- Directed by: Tom Ricketts
- Starring: Donald MacDonald
- Production company: Nestor Film Company
- Distributed by: Universal Film Manufacturing Company
- Release date: June 24, 1912;
- Running time: 20 minutes; 2 reels
- Country: United States
- Languages: Silent film (English intertitles)

= The Dawn of Netta =

1912 film by Tom Ricketts

The Dawn of Netta is a 1912 American silent short drama film directed by Tom Ricketts and starring Richard Buhler, Edgar L. Davenport, George De Carlton, and Dorothy Donnelly. It is the first film to be distributed by Universal Pictures. The film was released by Universal Film Manufacturing Company on June 24, 1912.

==Plot==
The story is about a man named Will Barton, who has gone to the mountains in search of health. There, he finds out from a doctor that he is dying and becomes preoccupied with the thought of leaving his daughter Netta alone and unprotected in the world. He telegraphs his best friend, Jack Gordon, to come and see him. Upon his arrival, Barton asks Jack to marry Netta. Initially hesitant due to his current lifestyle, Jack agrees out of gratitude and pity for his dying friend.

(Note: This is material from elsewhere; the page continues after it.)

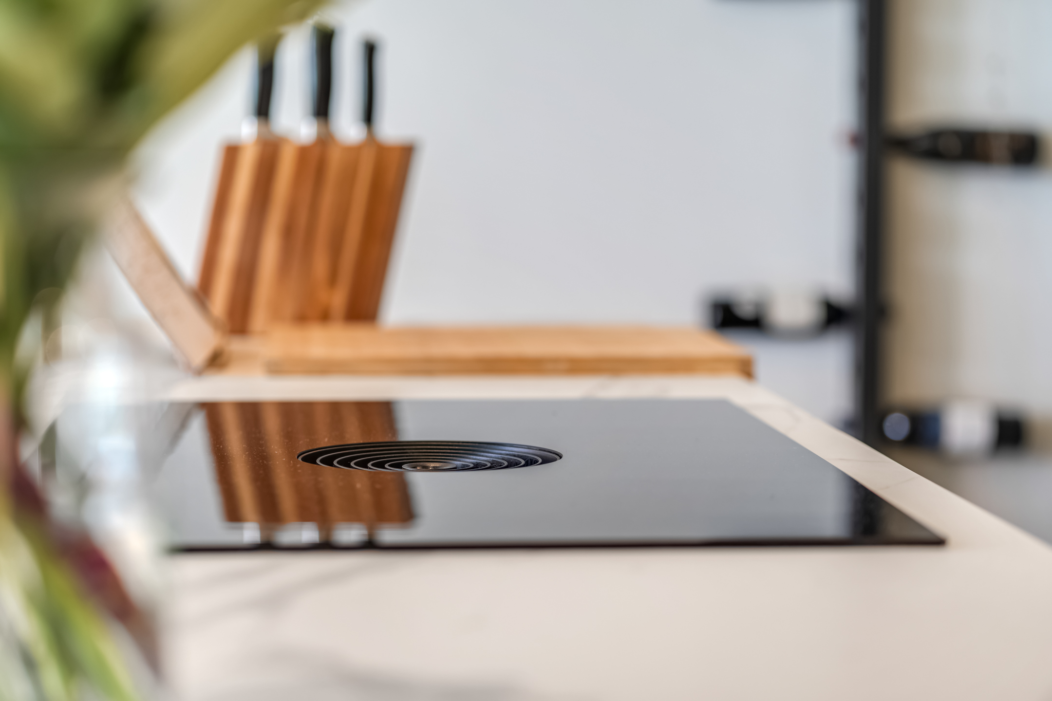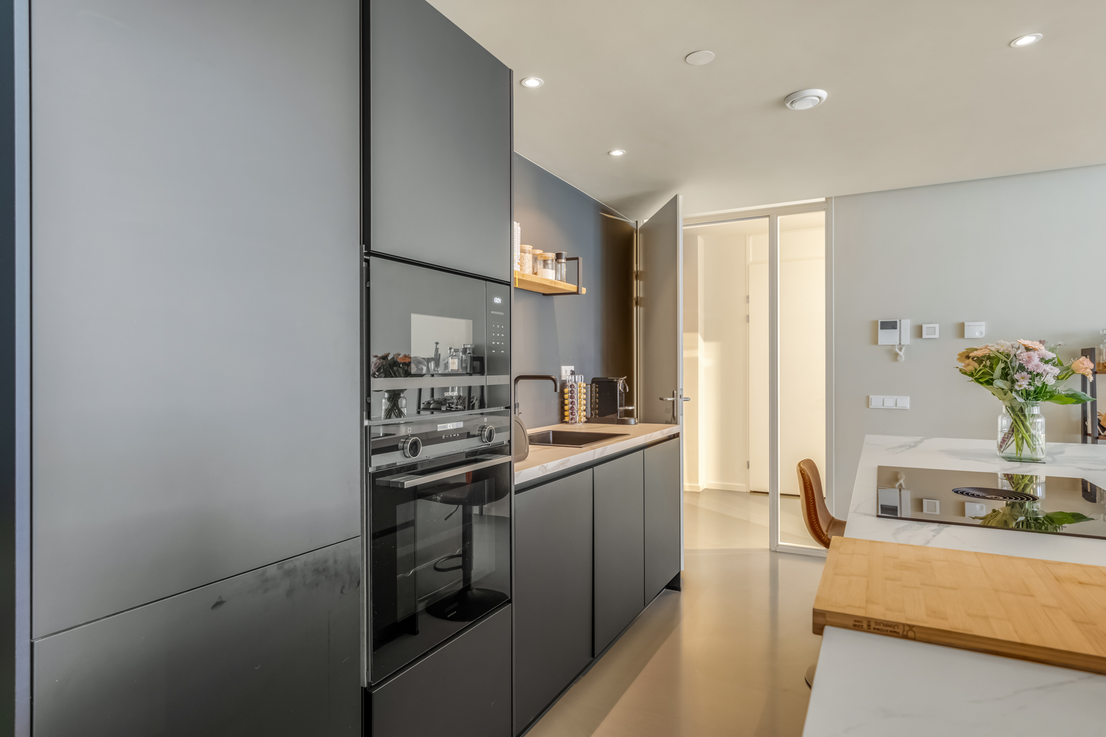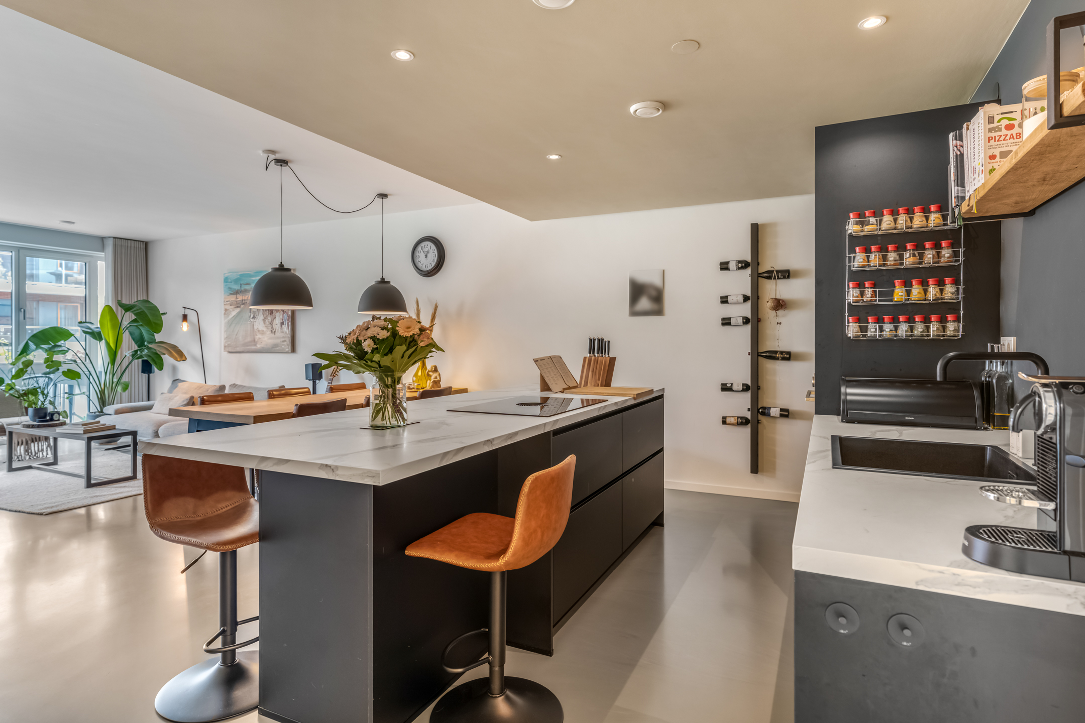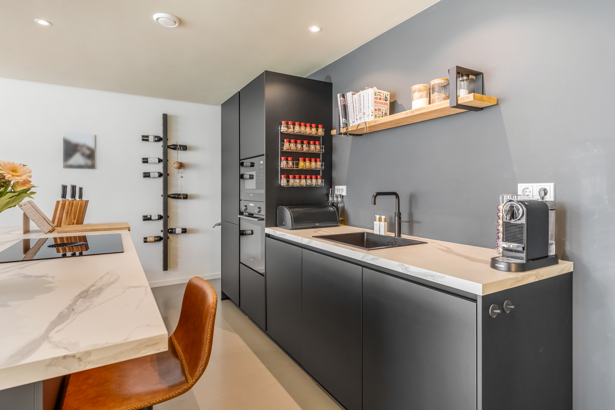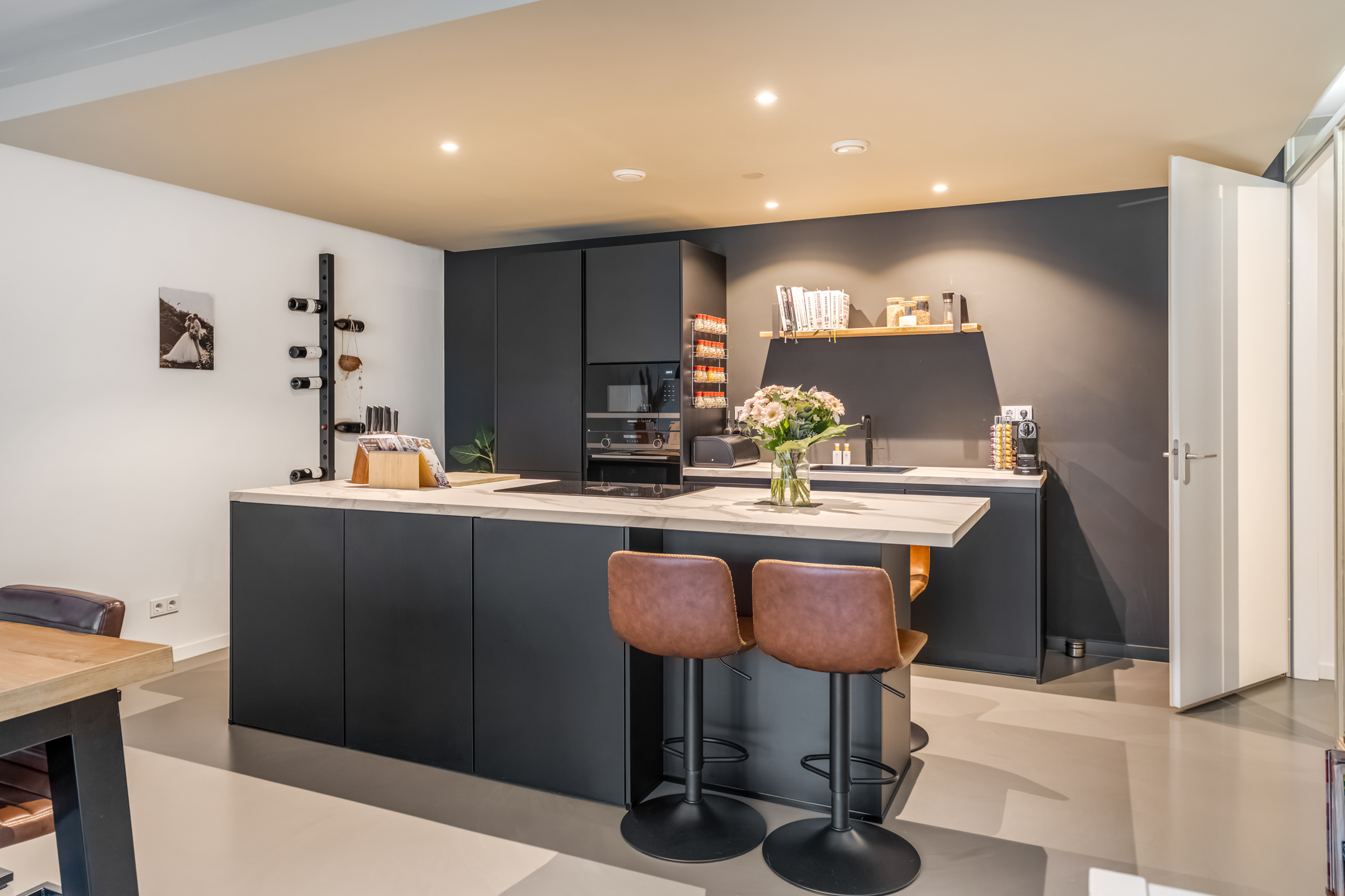 De open keuken sluit perfect aan op het leefgedeelte en is uitgevoerd met een stijlvol kookeiland. Het plafond in de keuken is verlaagd waardoor er een leuk effect ontstaat. De keuken is voorzien van diverse inbouwapparatuur zoals een kookplaat met geïntegreerde afzuigkap, combi-oven, koel-vriescombinatie en een vaatwasser. Het kookeiland is ideaal voor wie van koken houdt én graag contact houdt met gasten of het gezin. Terwijl jij aan het koken bent, schuift de rest gezellig aan.

Later, Jack sends Netta to a school in Paris, but as time passes, he gradually forgets his promise to Barton and his engagement to Netta, becoming attached to a widow named Mrs. Smith Douglas instead. When Netta returns, Jack persuades Mrs. Douglas to take care of her for a few days so that he can provide for her suitably, but neglects to inform her that he is engaged to Netta.

When Netta returns, Jack is surprised to find that she has grown into a beautiful woman, and he falls in love with her. However, seeing how popular Netta is with other young men, he struggles between his love and a desire to be unselfish. Eventually, he decides to give Netta her freedom so that she may marry someone closer to her age.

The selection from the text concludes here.